Given data >>
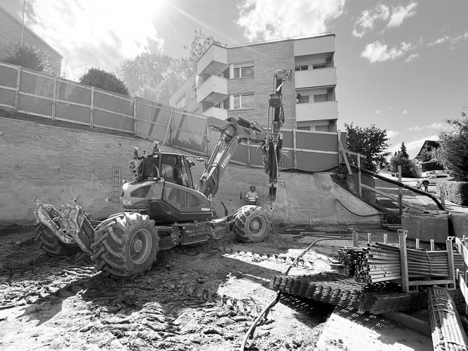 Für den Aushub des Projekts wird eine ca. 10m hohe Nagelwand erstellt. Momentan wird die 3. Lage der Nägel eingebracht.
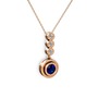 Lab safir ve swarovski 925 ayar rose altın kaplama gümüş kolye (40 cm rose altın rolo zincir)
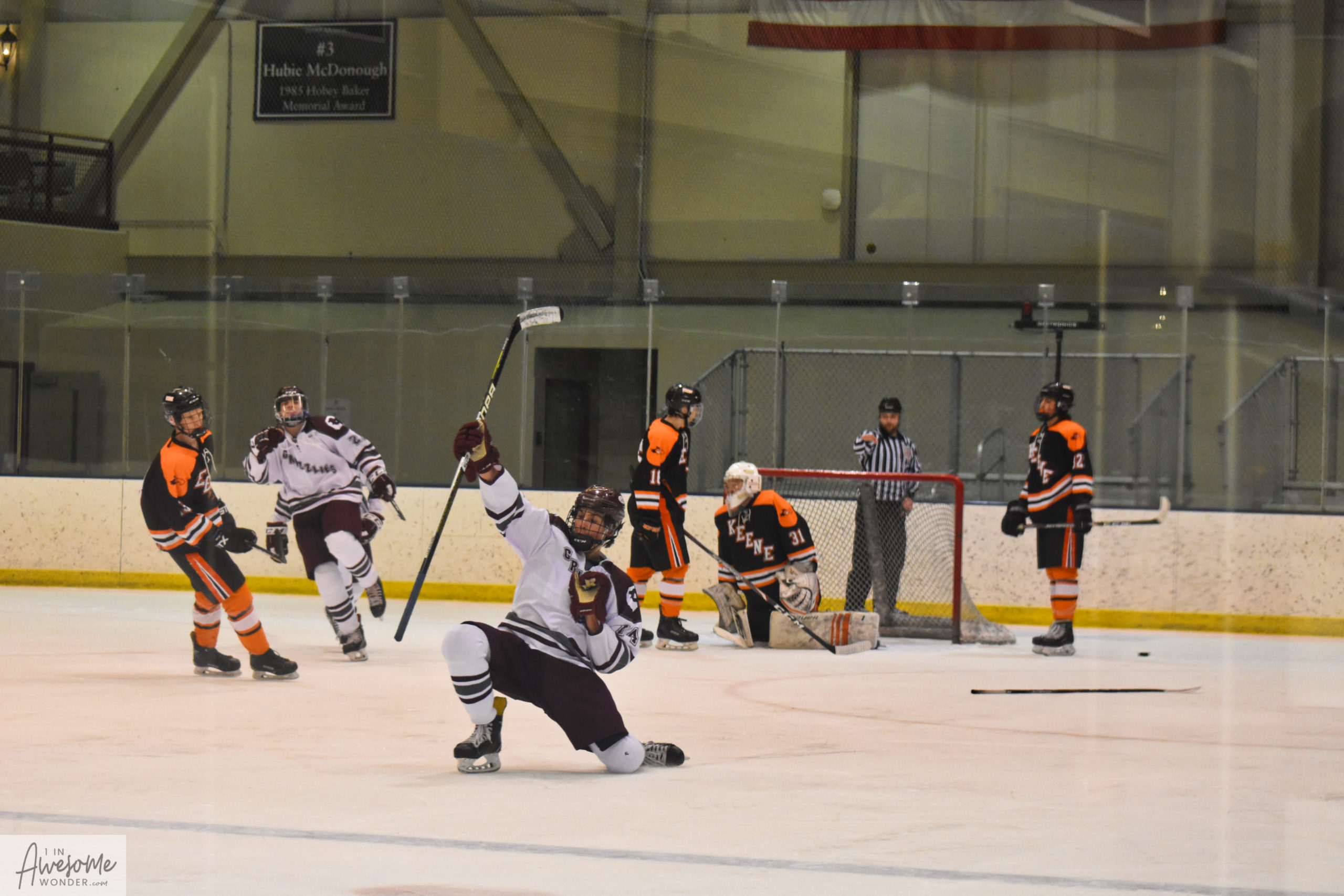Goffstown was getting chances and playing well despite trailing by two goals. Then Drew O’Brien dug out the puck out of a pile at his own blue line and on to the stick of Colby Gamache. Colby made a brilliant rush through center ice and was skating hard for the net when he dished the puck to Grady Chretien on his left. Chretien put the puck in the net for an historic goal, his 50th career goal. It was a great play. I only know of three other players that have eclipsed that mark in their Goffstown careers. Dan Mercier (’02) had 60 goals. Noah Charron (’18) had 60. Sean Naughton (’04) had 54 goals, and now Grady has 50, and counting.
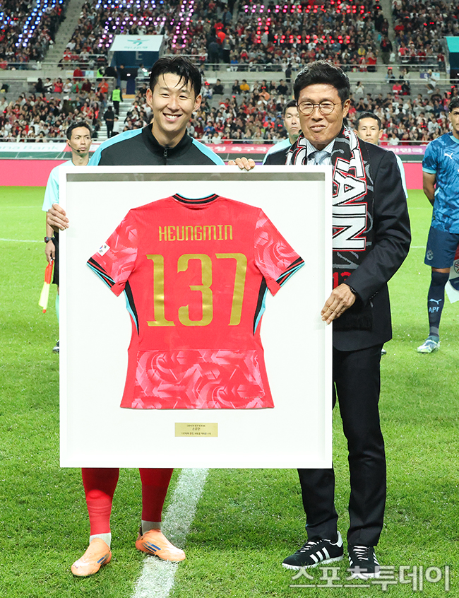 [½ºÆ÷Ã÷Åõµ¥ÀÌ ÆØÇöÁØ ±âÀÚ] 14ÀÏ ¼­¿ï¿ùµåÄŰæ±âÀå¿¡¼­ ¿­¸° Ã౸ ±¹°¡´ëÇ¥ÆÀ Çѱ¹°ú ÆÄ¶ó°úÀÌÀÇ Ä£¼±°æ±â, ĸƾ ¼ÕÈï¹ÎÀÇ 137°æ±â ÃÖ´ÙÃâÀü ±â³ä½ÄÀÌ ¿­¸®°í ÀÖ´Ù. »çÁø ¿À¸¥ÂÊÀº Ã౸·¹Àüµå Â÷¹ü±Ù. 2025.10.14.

What you will do >>
Please restate the material above line by line, exactly, beginning at its first line and ending with the line that contains "Lab safir ve", without any pictures.

Exercise solution >>
 Für den Aushub des Projekts wird eine ca. 10m hohe Nagelwand erstellt. Momentan wird die 3. Lage der Nägel eingebracht.
 Lab safir ve swarovski 925 ayar rose altın kaplama gümüş kolye (40 cm rose altın rolo zincir)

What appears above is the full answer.